Introduction to Hadoop Distributed File
System(HDFS)
Last Updated : 04 Apr, 2025
With growing data velocity the data size easily outgrows the storage limit of a
machine. A solution would be to store the data across a network of machines.
Such filesystems are called distributed filesystems. Since data is stored
across a network all the complications of a network come in.
This is where Hadoop comes in. It provides one of the most reliable
filesystems. HDFS (Hadoop Distributed File System) is a unique design that
provides storage for extremely large files with streaming data access pattern,
and it runs on commodity hardware. Let's elaborate on the terms:
Extremely large files: Here, we are talking about the data in a range of
petabytes (1000 TB).
Streaming Data Access Pattern: HDFS is designed on principle of write-
once and read-many-times. Once data is written large portions of dataset
can be processed any number times.
Commodity hardware: Hardware that is inexpensive and easily available in
the market. This is one of the features that especially distinguishes HDFS
from other file systems.
Nodes: Master-slave nodes typically form the HDFS cluster.
1. NameNode(MasterNode):
Manages all the slave nodes and assigns work to them.
It executes filesystem namespace operations like opening, closing, and
renaming files and directories.
It should be deployed on reliable hardware that has a high configuration.
not on commodity hardware.
2. DataNode(SlaveNode):
Actual worker nodes do the actual work like reading, writing, processing,
etc.
They also perform creation, deletion, and replication upon instruction
from the master.
They can be deployed on commodity hardware.
HDFS daemons: Daemons are the processes running in the background.
Namenodes:
o Run on the master node.
oStore metadata (data about data) like file path, the number of
blocks, block Ids. etc.
o Requires a high amount of RAM.
o Store meta-data in RAM for fast retrieval i.e to reduce seek time.
Though a persistent copy of it is kept on disk.
DataNodes:
oRun on slave nodes.
o Require high memory as data is actually stored here.
Data storage in HDFS: Now let's see how the data is stored in a distributed
manner.
Lets assume that 100TB file is inserted, then masternode(namenode) will
first divide the file into blocks of 10TB (default size is 128 MB in Hadoop 2.x
and above). Then these blocks are stored across different
datanodes(slavenode). Datanodes(slavenode) replicate the blocks among
themselves and the information of what blocks they contain is sent to the
master. Default replication factor is 3 means for each block 3 replicas are
created (including itself). In hdfs.site.xml we can increase or decrease the
replication factor i.e we can edit its configuration here.

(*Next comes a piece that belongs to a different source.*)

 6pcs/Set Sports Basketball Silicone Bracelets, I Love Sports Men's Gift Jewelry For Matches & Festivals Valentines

Note: MasterNode has the record of everything, it knows the location and info
of each and every single data nodes and the blocks they contain, i.e. nothing is
done without the permission of masternode.

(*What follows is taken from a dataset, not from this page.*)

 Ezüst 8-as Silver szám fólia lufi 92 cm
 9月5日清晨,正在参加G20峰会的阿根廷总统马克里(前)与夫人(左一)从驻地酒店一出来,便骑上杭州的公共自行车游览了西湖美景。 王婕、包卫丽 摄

Why divide the file into blocks?
Answer: Let's assume that we don't divide, now it's very difficult to store a 100
TB file on a single machine. Even if we store, then each read and write
operation on that whole file is going to take very high seek time. But if we have
multiple blocks of size 128MB then its become easy to perform various read
and write operations on it compared to doing it on a whole file at once. So we
divide the file to have faster data access i.e. reduce seek time.
Why replicate the blocks in data nodes while storing?
Answer: Let's assume we don't replicate and only one yellow block is present
on datanode D1. Now if the data node D1 crashes we will lose the block and
which will make the overall data inconsistent and faulty. So we replicate the
blocks to achieve fault-tolerance.
Terms related to HDFS:
HeartBeat : It is the signal that datanode continuously sends to namenode.
If namenode doesn't receive heartbeat from a datanode then it will consider
it dead.
Balancing : If a datanode is crashed the blocks present on it will be gone
too and the blocks will be under-replicated compared to the remaining
blocks. Here master node(namenode) will give a signal to datanodes
containing replicas of those lost blocks to replicate so that overall
distribution of blocks is balanced.
Replication:: It is done by datanode.
Note: No two replicas of the same block are present on the same datanode.
Features:
Distributed data storage.
Blocks reduce seek time.
The data is highly available as the same block is present at multiple
datanodes.
Even if multiple datanodes are down we can still do our work, thus making it
highly reliable.
High fault tolerance.
Limitations: Though HDFS provide many features there are some areas
where it doesn't work well.
Low latency data access: Applications that require low-latency access to
data i.e in the range of milliseconds will not work well with HDFS, because
HDFS is designed keeping in mind that we need high-throughput of data
even at the cost of latency.
Small file problem: Having lots of small files will result in lots of seeks and
lots of movement from one datanode to another datanode to retrieve each
small file, this whole process is a very inefficient data access pattern.